KIM JONG UN
Chapter Eleven - Collapse and Covid
Section 11 of 13
CHAPTER ELEVEN
Collapse and Covid
EVEN THE MOST sealed-off country on Earth couldn’t keep it out forever.
2020. The world froze. Flights grounded. Streets emptied. Borders slammed shut. COVID-19 swept across the globe like wildfire. Governments panicked. Economies crumbled. Hospitals overflowed.
And North Korea?
Declared zero cases.
The regime insisted it was untouched. Immune. A miracle of leadership. State media praised Kim Jong Un’s “quick and heroic action,” crediting him for saving the people before danger could enter.
But behind the myth, cracks were spreading.
North Korea’s survival has always depended on control, not just of information, but of movement over its own people and over the flow of goods. When the borders closed, the entire system choked.
Trade with China, the country’s last lifeline, collapsed.
Smuggling dried up. Markets shut down. Medicine vanished. Factories stalled. Food shortages worsened. Famine loomed.
And then… Kim vanished.
April 2020. The leader disappeared from public view. No ribbon cuttings. No tours. No factory visits. Nothing.
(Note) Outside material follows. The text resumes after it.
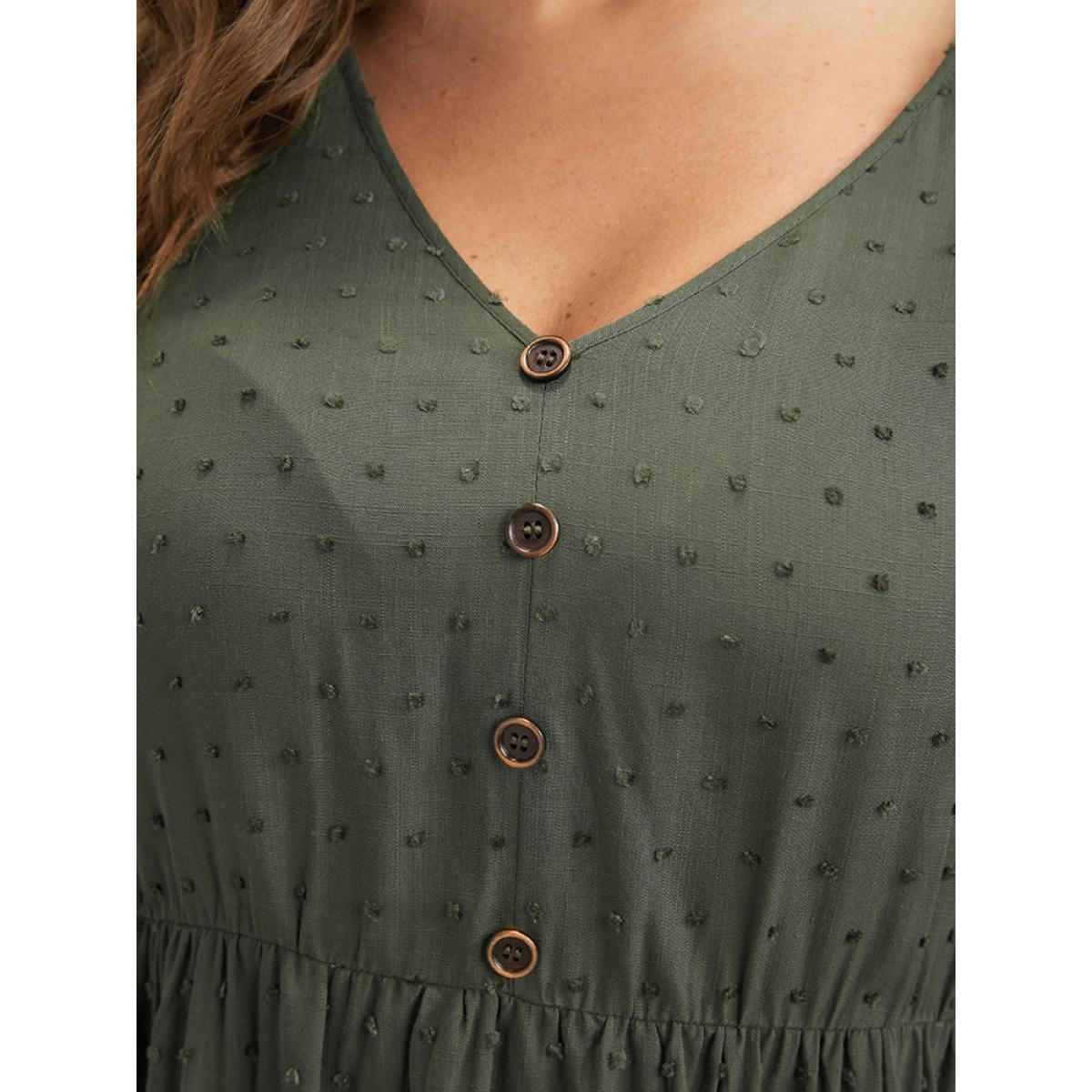 Plus Size ArmyGreen Polka Dot Flutter Button Detail Lantern Sleeve Blouse Women Leisure V-neck Casual Blouses BloomChic 30/6X Product Image

For three weeks, there wasn’t a single image of him. Not a single appearance. Not a single statement.
The world noticed.
Was he dead? Sick? In hiding? Was there a coup?
Rumors spread like wildfire. Even inside North Korea, where whisper networks carry more truth than television.
And then, suddenly, he reappeared.
Alive. Smiling. Touring a fertilizer plant. Looking thinner, slightly pale, but still standing. The state ran the footage like it was divine proof. The message was clear:
He never left. You just weren’t looking hard enough.
Still, something had shifted.
From that moment on, Kim’s appearances became even more erratic. He lost weight dramatically. His face sharpened. His posture changed. He vanished for longer stretches, sometimes weeks. And the longer he was gone, the louder the same question became:
Who runs North Korea if Kim dies?
There’s no designated successor. No clear plan. No second-in-command.
Only a sister. Rising fast in prominence, often standing just behind her brother, speaking for him, and threatening South Korea in his name. Cold. Sharp. Loyal. But not guaranteed.
And behind them all: a collapsing system.
COVID didn’t just bring illness. It brought silence. Empty shelves. Tightened surveillance. Broken supply chains. Hunger. Fear. And worst of all, for a regime built on spectacle, it brought stillness.
The myth couldn’t march.
The missiles paused.
The music stopped.
And the man who once held the world in suspense with a single tweet… was now quietly walking the edge of a dying economy, a starved population, and a crumbling throne.
Still in power.
Still feared.
But for the first time… maybe not forever.